I love the italian interpretation of leather, most specifically Odori’s Cuoio by Enzo Galardi.
One of my top fragrances ever, this Cuoio Fiorentino is giving it a run for its money.
Cuoio Fiorentino is so complex, so interesting, there are things going on in it well beyond the note tree.
The interactions between ingredients give it layers on layers of additional “smells”.
Definitely getting labdanum, with its spiraling dark depth and wisps of smoke and a little funk.
Patchouli and musk somehow give it a petroleum touch, along with a honey note, its not unlike 1740 in that regard.
This still is fairly soapy like Odori’s Cuoio, similarly spicy but there is a depth and complexity here that takes it much deeper.
Maybe a little less easy to wear.
The resins keep it smooth, working with the musk, veering away from a rougher, dirty leather like Eau d’Hermes.

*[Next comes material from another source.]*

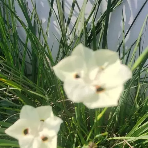 双色野鸢尾为多年生草本植物,叶子呈剑状淡绿色。…

It morphs around so much, going from fairly sprightly at the start, to deep, complex, dark and I’ll say it, THICK.
Its opaque and solid in smell.
Nothing airy here, and its certainly not light like some of the reviews on other websites imply.
This is the smell of a man that has his life together and enjoys a nice night out on the town with a nice peaty scotch.
Not a fragrance for the kids or the loud night clubbers.
This smells of the night, Bruce Wayne stuff.
Performance is best described as persistently medium volume from start to finish, not much of a fade away here.
Cuoio Fiorentino is a dark, menacing take on saddle styled leather fragrances like Hermes’ Equipage and Odori’s Cuoio. Its solid, persistent performance reinforces its excellence.